GIVEN INFORMATION »
◆ ◆ ◆ ◆ ◆

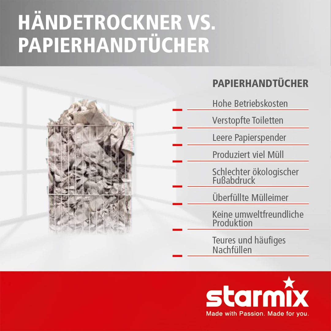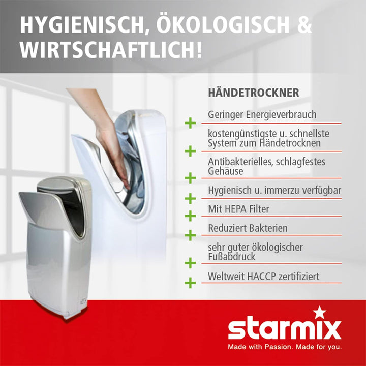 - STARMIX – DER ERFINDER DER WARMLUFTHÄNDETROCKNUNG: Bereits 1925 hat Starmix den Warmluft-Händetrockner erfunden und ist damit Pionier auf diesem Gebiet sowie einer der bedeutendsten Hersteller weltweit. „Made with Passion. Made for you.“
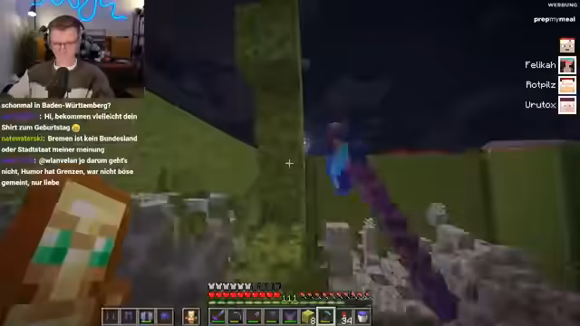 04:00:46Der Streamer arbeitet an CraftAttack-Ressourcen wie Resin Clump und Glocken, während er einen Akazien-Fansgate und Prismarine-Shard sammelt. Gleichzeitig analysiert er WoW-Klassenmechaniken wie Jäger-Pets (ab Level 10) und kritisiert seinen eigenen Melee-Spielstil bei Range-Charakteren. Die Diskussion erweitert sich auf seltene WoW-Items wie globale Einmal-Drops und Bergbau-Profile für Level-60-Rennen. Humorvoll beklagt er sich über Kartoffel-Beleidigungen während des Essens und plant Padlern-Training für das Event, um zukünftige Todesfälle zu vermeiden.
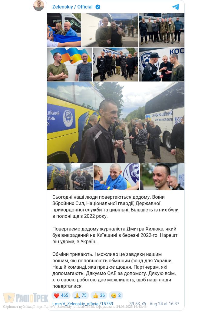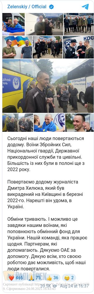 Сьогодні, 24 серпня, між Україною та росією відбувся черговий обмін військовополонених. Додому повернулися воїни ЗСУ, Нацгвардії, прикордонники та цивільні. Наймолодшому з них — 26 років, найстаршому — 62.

◆ ◆ ◆ ◆ ◆

WHAT TO DO »
Restate the whole listing word for word. Omit the pictures.

YOUR RESPONSE »
 - STARMIX – DER ERFINDER DER WARMLUFTHÄNDETROCKNUNG: Bereits 1925 hat Starmix den Warmluft-Händetrockner erfunden und ist damit Pionier auf diesem Gebiet sowie einer der bedeutendsten Hersteller weltweit. „Made with Passion. Made for you.“
 04:00:46Der Streamer arbeitet an CraftAttack-Ressourcen wie Resin Clump und Glocken, während er einen Akazien-Fansgate und Prismarine-Shard sammelt. Gleichzeitig analysiert er WoW-Klassenmechaniken wie Jäger-Pets (ab Level 10) und kritisiert seinen eigenen Melee-Spielstil bei Range-Charakteren. Die Diskussion erweitert sich auf seltene WoW-Items wie globale Einmal-Drops und Bergbau-Profile für Level-60-Rennen. Humorvoll beklagt er sich über Kartoffel-Beleidigungen während des Essens und plant Padlern-Training für das Event, um zukünftige Todesfälle zu vermeiden.
 Сьогодні, 24 серпня, між Україною та росією відбувся черговий обмін військовополонених. Додому повернулися воїни ЗСУ, Нацгвардії, прикордонники та цивільні. Наймолодшому з них — 26 років, найстаршому — 62.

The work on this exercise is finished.